Homemade Sauerkraut - Fermented Cabbage
by Lori Neff
Look up the health benefits of fermented cabbage - you may never want to be without it --- and it tastes great!
- 1 head of cabbage, thinly sliced (great with a mandolin) --- save the large outer leaves
- (optional: one or two grated carrots; several thinly sliced brussel sprouts; thinly sliced broccoli)
- 2 tablespoons sea salt
- 2 tablespoons caraway seeds
In large bowl, combine the shredded cabbage with salt (and any other vegetables, if using), press down hard with your fist, pounding even, until juices are released (a great way to release some pent-up steam ---- stress relief! )
Layer about 2" of the vegetable mixture in a crock pot, sprinkle 1/4 teaspoons caraway seeds on it, pound down with a wooden dowel; keep layering 2" of the mixture, sprinkling 1/4 teaspoons caraway seeds, pounding down, repeat. You want to extract as much juice as possible, enough to cover the vegetables.
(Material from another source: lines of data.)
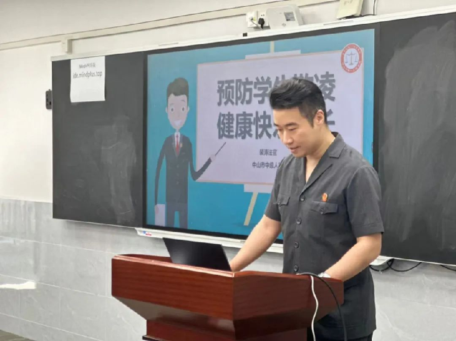 (真實(shí)庭審中的裴濤法官) 脫下法袍,裴濤法官的身影同樣活躍在普法教育的前沿。作為中山市水云軒小學(xué)的法治副校長(zhǎng),他積極深入校園,用真實(shí)生動(dòng)的案例和深入淺出的講解,為莘莘學(xué)子們帶去精彩的法治課堂。他將復(fù)雜的法律條文轉(zhuǎn)化為孩子們能理解的道理,他認(rèn)為,“法槌不僅要敲在法庭上,更要敲進(jìn)下一代的心坎里”,以實(shí)際行動(dòng)播撒法治的種子。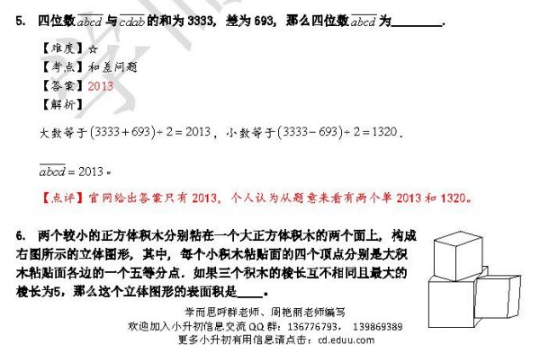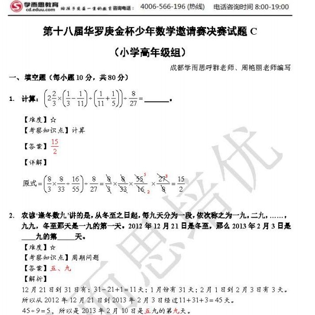 2013第十八届华杯赛决赛小高年级组C卷详解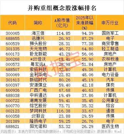 并购重组概念股平均涨幅超过17%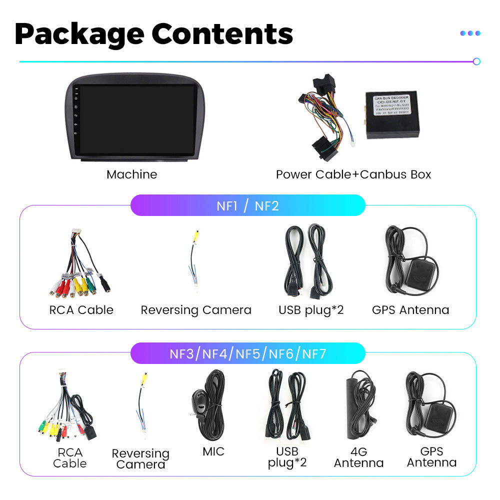 NaviFly NF Series Android 14 8G+256G 2K QLED screen CarPlay Auto DSP RDS 4GLte WIFI For Mercedes Benz SL 2001-2007 9.5Inch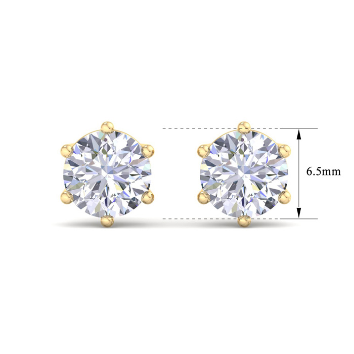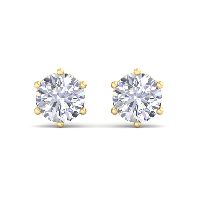 2 Carat Lab Grown Diamond Earrings In 14 Karat Yellow Gold, 6-Prong Setting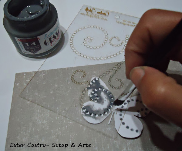y para terminar coloque detalles de Stras Plateados Autohadesivos en las mariposas y en el borde de algunos círculos,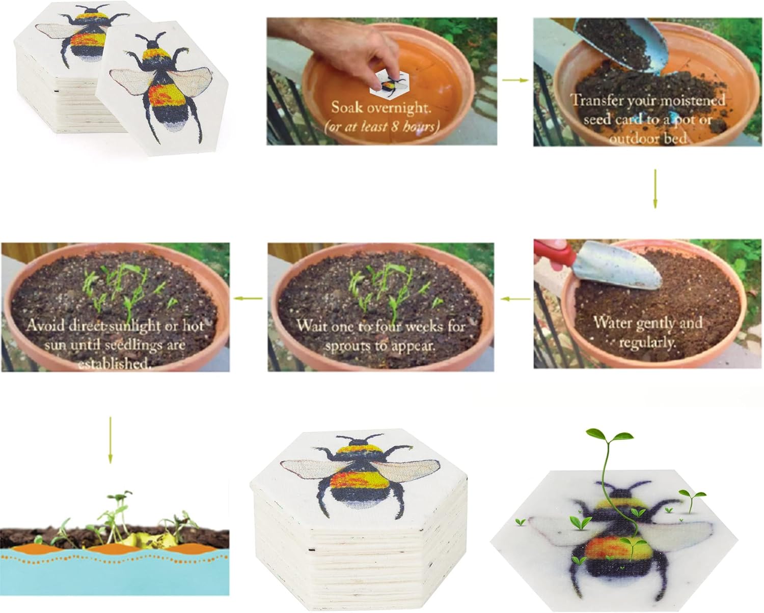 • Once you plant the paper in a pot with soil or outside in the garden, the paper germinate and turn into beautiful flowering plants.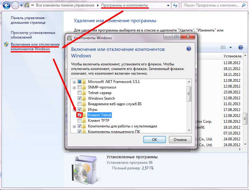 Если это не помогло, то открываем меню «Пуск/Панель управления/Программы/Программы и компоненты» и нажимаем на «Включение или отключение компонентов Windows».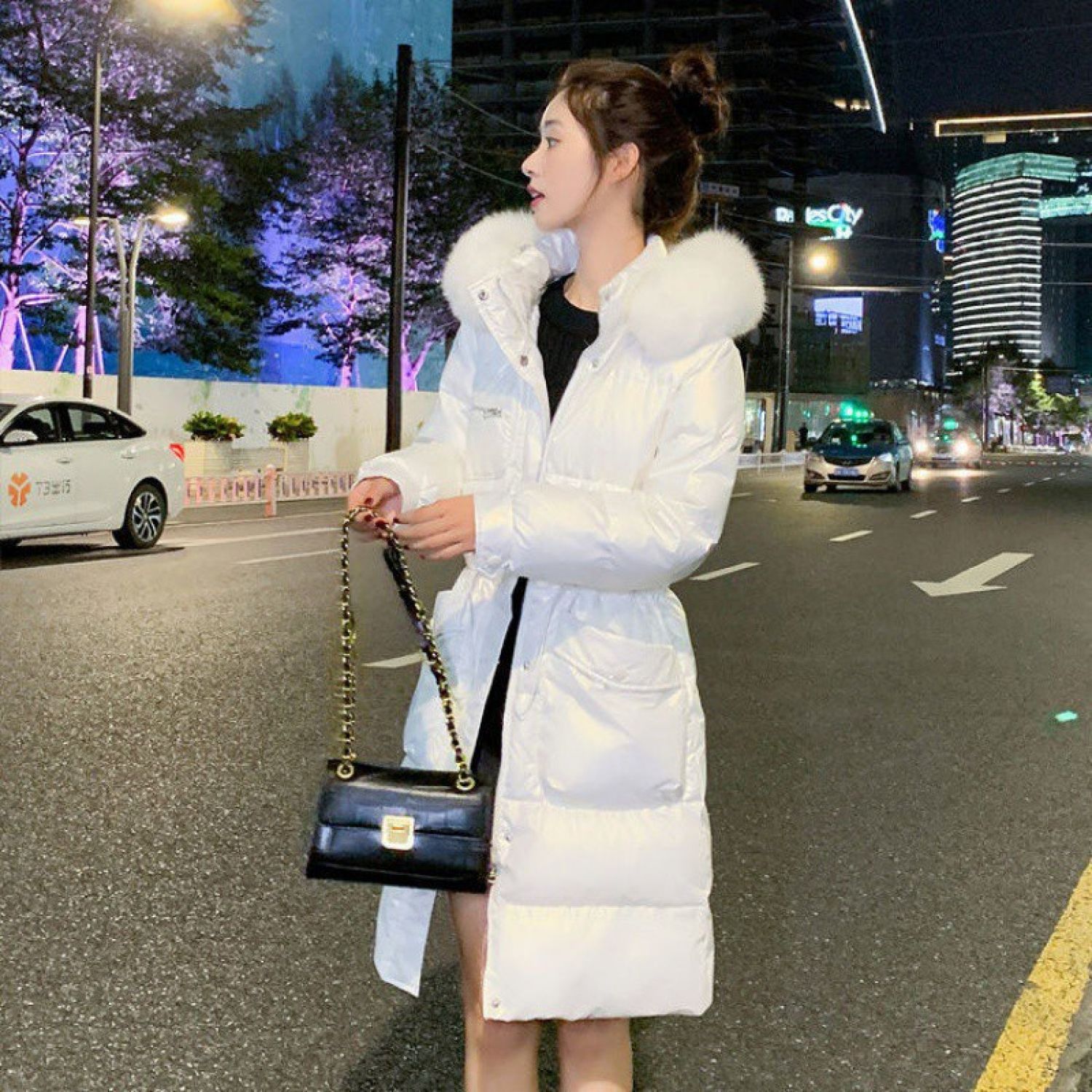 Color: white, black [black fur collar], champagne, Black [gray fur collar]]
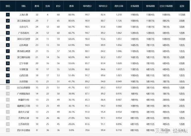 至此,上海男篮客场告捷豪取17连胜,以32胜4负的战绩领跑积分榜。目前上海男篮已锁定积分榜前二,且领先浙江广厦3个胜场,大概率能够获得常规赛冠军。宁波男篮目前仍是19胜,领先季后赛门槛4个胜场,仅剩6轮的情况下晋级季后赛希望极大。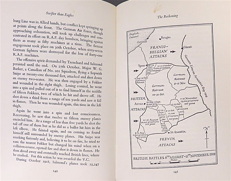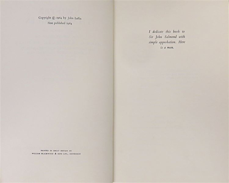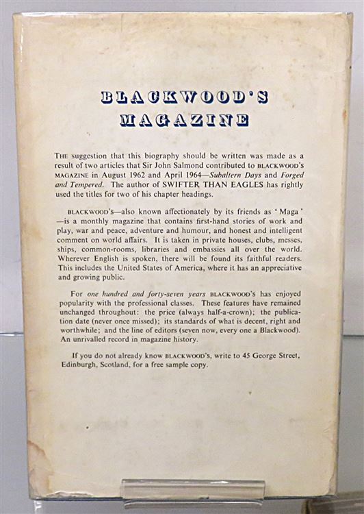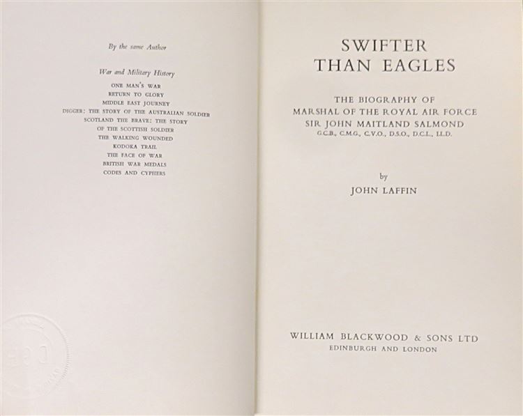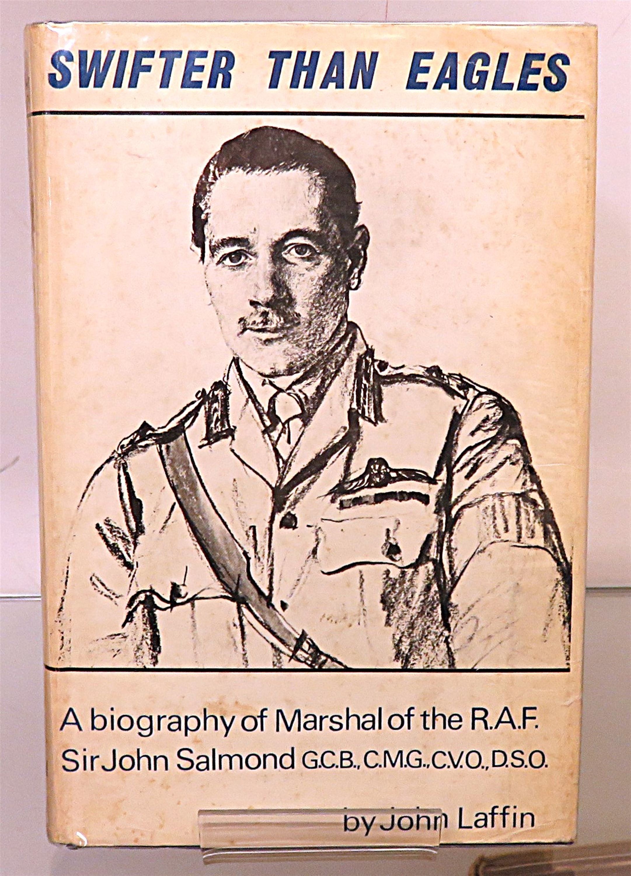St Mary's Books is proud to present this 1964 first edition of "Swifter than Eagles: A biography of Marshal of the RAF Sir John Salmond" signed by the author, John Laffin. Housed in its original cream dustjacket featuring a lovely illustration of Sir Salmond, this hardback book is bound in blue cloth with gold gilt lettering on the spine. Inside, one finds i-xii and 278 pages of text peppered with stunning black and white photographs and illustrations. This book treats its reader to the inspiring story of the youngest ever member of the Army Council and the man who helped ensure the continuance of the RAF in the interwar years. This book is in very good condition, with few notable blemishes or imperfections to the book itself or the original dustjacket. Other than a Cross & Crockade International ex-libris paste down on the front free endpapers and an ex-libris embossment on one of the prelims pages, this book has been immaculately preserved. "Swifter than Eagles" is looking for a new home and would make for the perfect gift for any aviation enthusiast.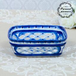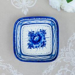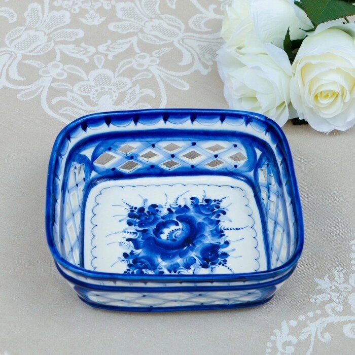 Сухарница квадратная, гжель, фарфор, 6х17 см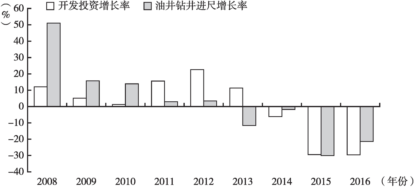 2014年以來,隨著國際油價暴跌,主要石油企業(yè)面臨巨大的經(jīng)營壓力,主動關閉低效益井,大幅削減開發(fā)投入,與2013年投入高峰相比,2016年全國油氣開發(fā)投資為1333億元,下降了53.6%,是2007年以來投資最低值。投資下降導致工作量顯著下降,2016年全國完鉆開發(fā)井較上年下降23.5%,開發(fā)鉆井總進尺同比減少25.02%(見圖6)。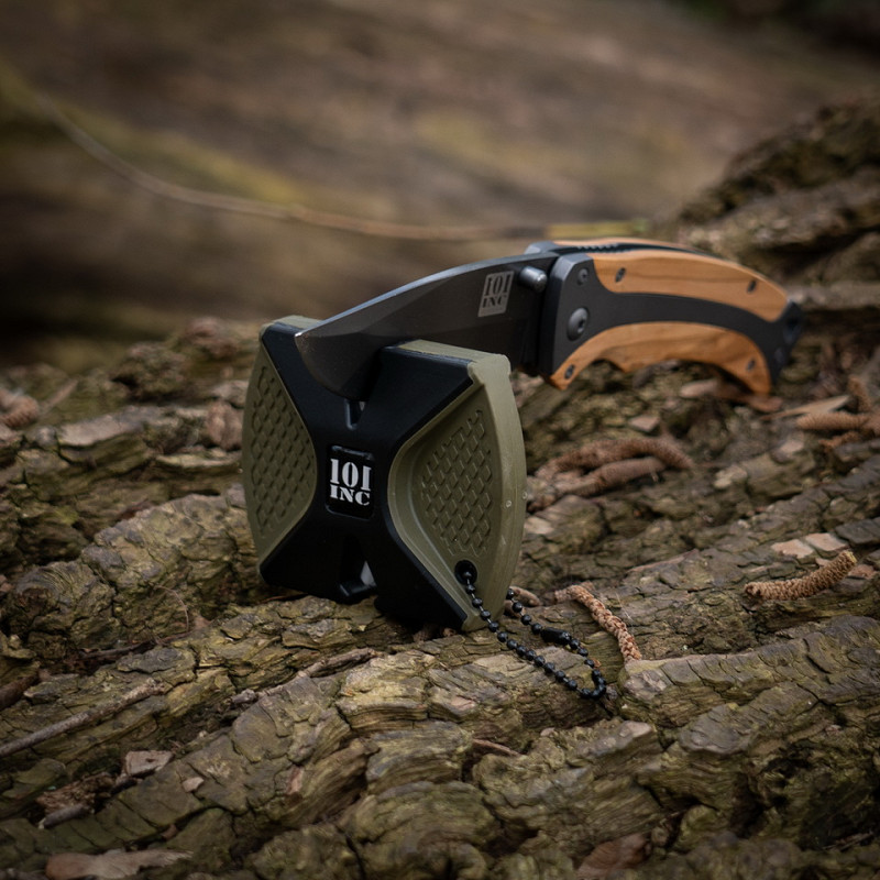 This compact and lightweight sharpener is perfect for outdoor enthusiasts and hunters who always want a sharp knife at hand. With two sharpening zones – a tungsten steel sharpener to restore dull blades and a ceramic sharpener for fine polishing – it ensures a perfect result. The ergonomic ABS + TPR handle provides a secure grip, allowing for safe and precise sharpening. Its pocket-size design makes it easy to carry in your backpack, jacket pocket, or tool bag.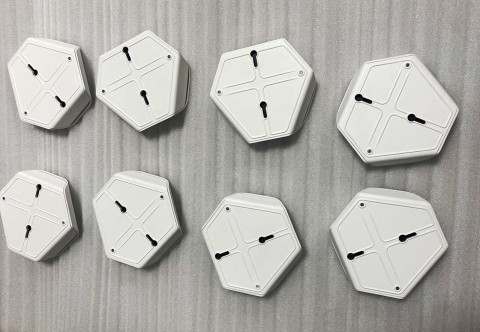 | Решения и объем работ | 1. Разработали два варианта конструкции. 2. Работали в связке с разработчиками платы (точнее, двух плат — для двух устройств). 3. Сделали прототип и организовали производство предсерийных образцов и установочной партии. 4. Как итог: выполнили все требования, придумали, как изолировать батарейный отсек от электронных компонентов, нашли хорошее место для наклейки, реализовали магнитное крепление основного корпуса датчика к стене. Оценили серийное производство с тиражом в несколько тысяч штук — уже по другой технологии. |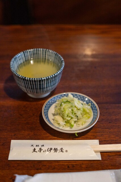 4代目店主若林喜久雄に受け継がれたこだわりの伝統の味。当店の天丼は、サクッとした食感の天麩羅と、長年継ぎ足しで守られてきた濃い口のタレが食欲をそそる、なんとも食べ応えのある一品です。特に主役の穴子に関しては、店外に専用の水槽を設け、朝〆に徹底することで、その鮮度を保っております。店内には、お座敷席とテーブル席をご用意。歴史の趣深い空間で、食材・油・タレの全てにこだわった天麩羅を、どうぞごゆっくりと...お楽しみ下さい。「土手の伊勢屋」は商標権を有しており、系列店及び支店は一切ございません。当店でしか食べられない伝統の味をぜひお楽しみください。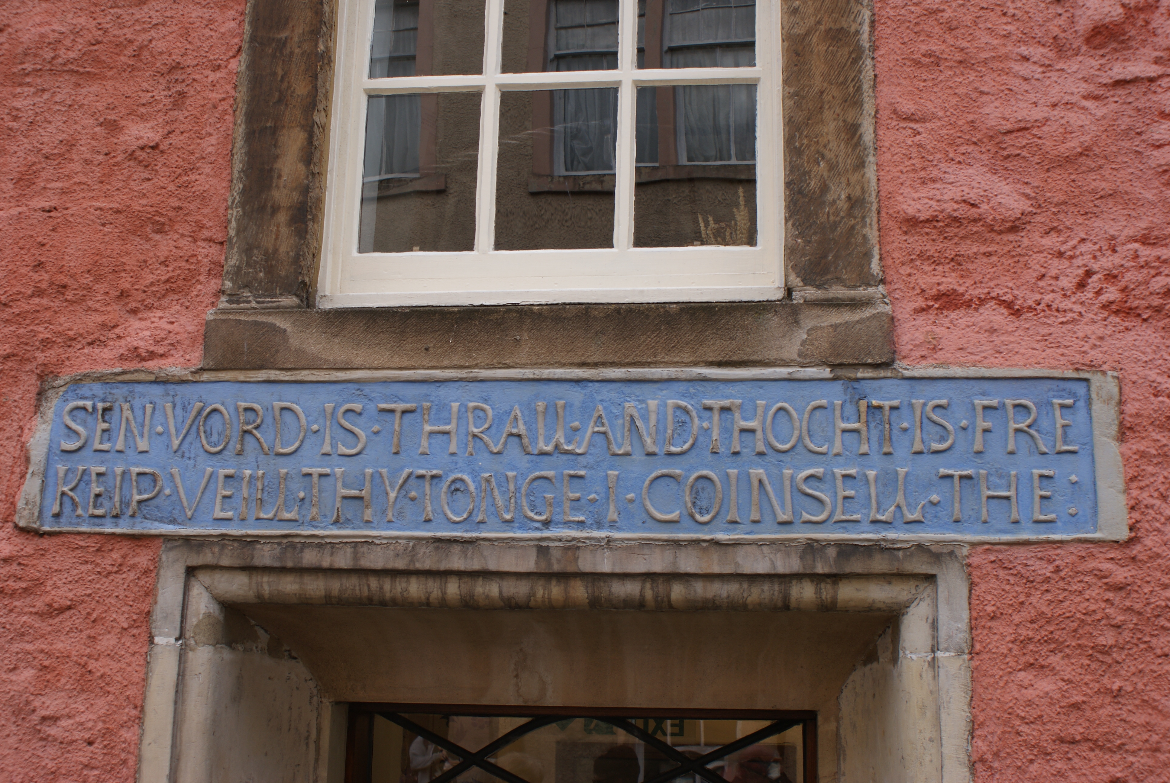 Image: Motto 'Sen Vord Is Thrall' on Abbot House Dunfermline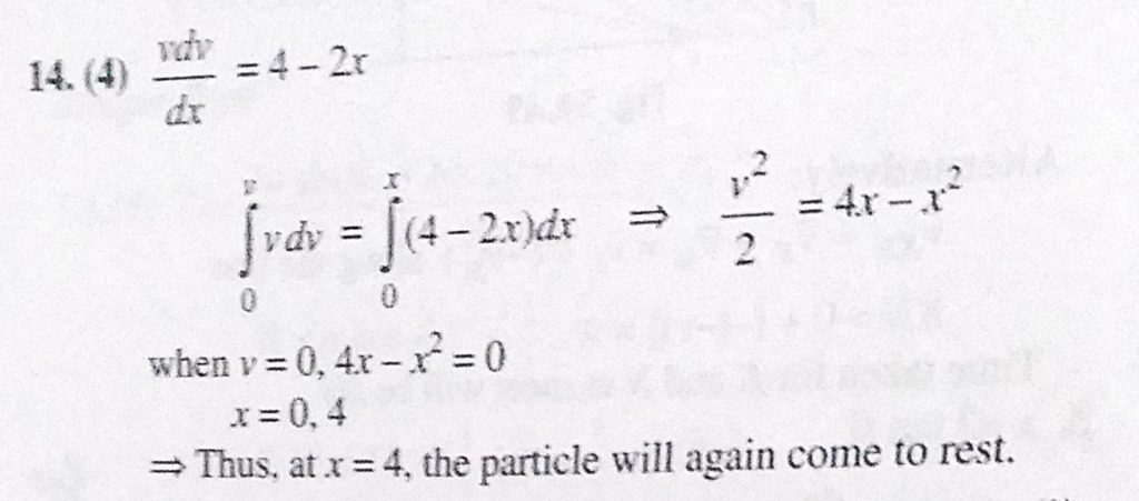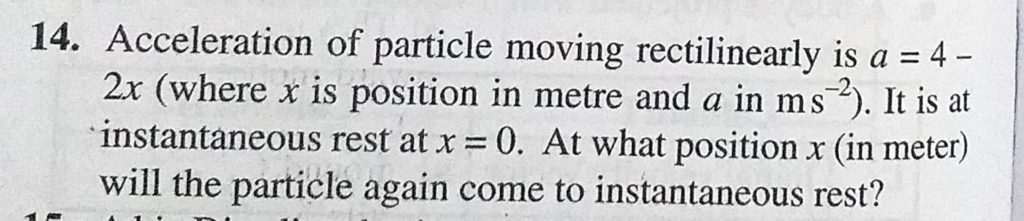 Acceleration of particle moving rectilinearly is a = 4 – 2x (where x is position in metre and a in m/s^2). It is at instantaneous rest at x = 0. At what position x ( in meter) will the particle again come to instantaneous A particle is moving in a circular path of radius 1 m. Under the action of a centripetal force the speed root 2 pie m/s of the particle is constant. Find the average velocity between A and B September 25, 2020 Category: Uncategorised (JEE Advanced Physics by BM Sharma + GMP Solutions) , Facebook Messenger WhatsApp Share this:TwitterFacebook Related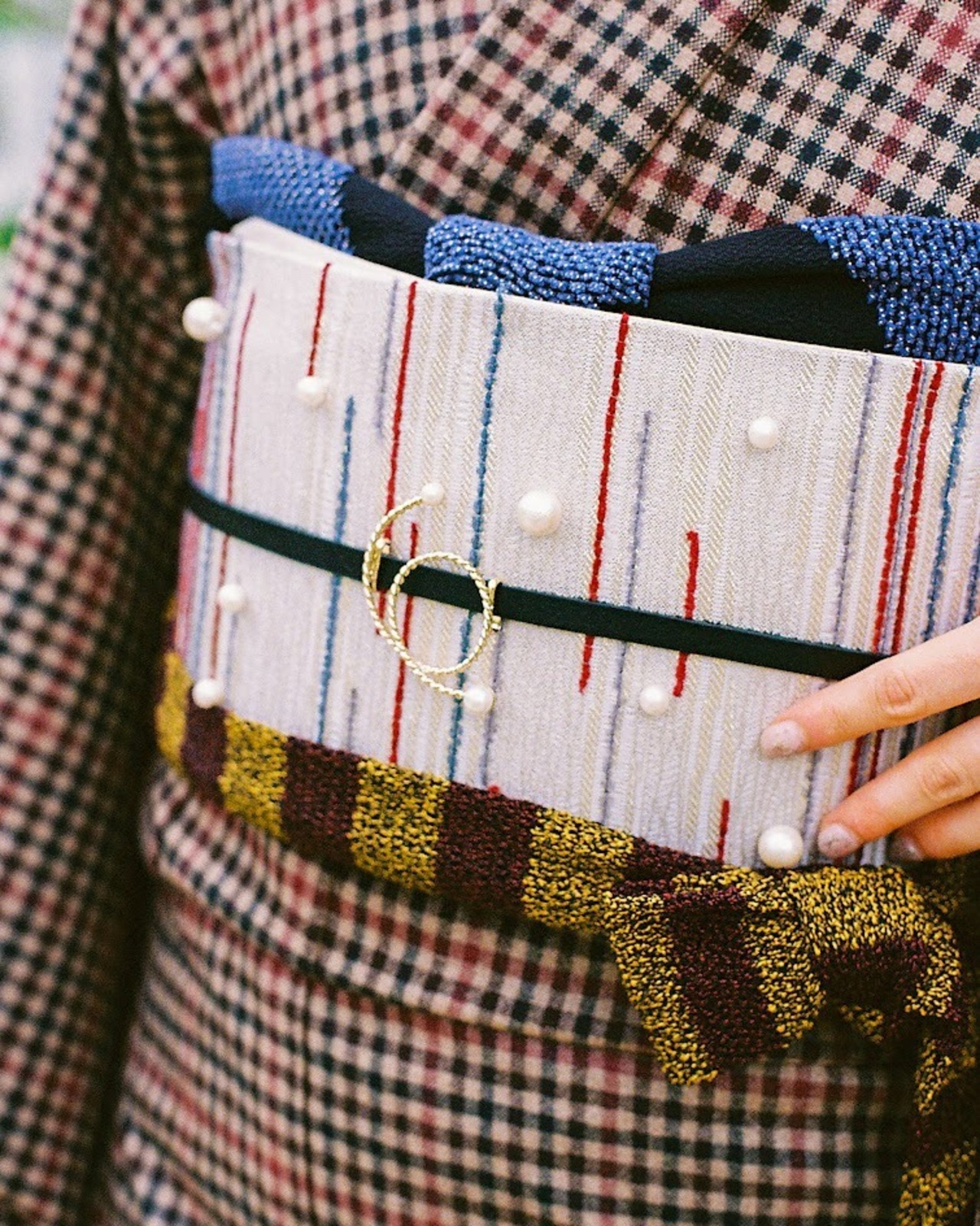 さらに、その上にパールを添えることで立体感が生まれ特別な印象の帯に仕上がりました。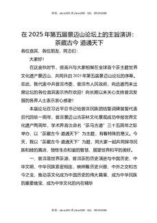 在2025年第五届景迈山论坛上的主旨演讲:茶藏古今,道通天下.docx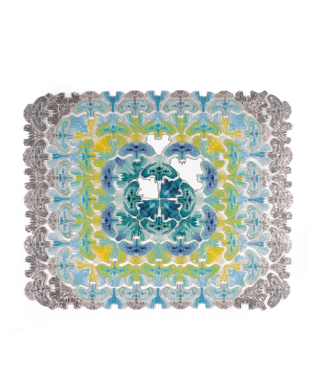 Nueva serie de utilitarios cerámicos que combina la obra de Gabriel Baggio Motivo para bandeja de té, interpretación libre de una bandeja de hojalata para servir té de fabricación inglesa, con el proyecto de Amadeo Azar Acto reflejo. Modifican la obra de Baggio para generar una nueva variante que podría sintetizarse en la fórmula utilitario / obra de arte para repensar la idea de uso y función en la práctica artística contemporánea.

If necessary, salt water can be used to make sure the cabbage is fully submerged. Completely cover the vegetables with the clean outer cabbage leaves, and put weights on the leaves. If no weights are available, use an inverted plate on the cabbage, and put a water-filled glass jar on to the place, cover the crock pot with a fine cheesecloth. Let sit at room temperature for 2 days, then put the container in a cool corner for 2 - 4 weeks to ferment.
You can start tasting the cabbage after about 10 - 14 days, but make sure to cover everything tightly again.
Then, transfer the fermented vegetables into smaller jars, seal with lid and keep in refrigerator.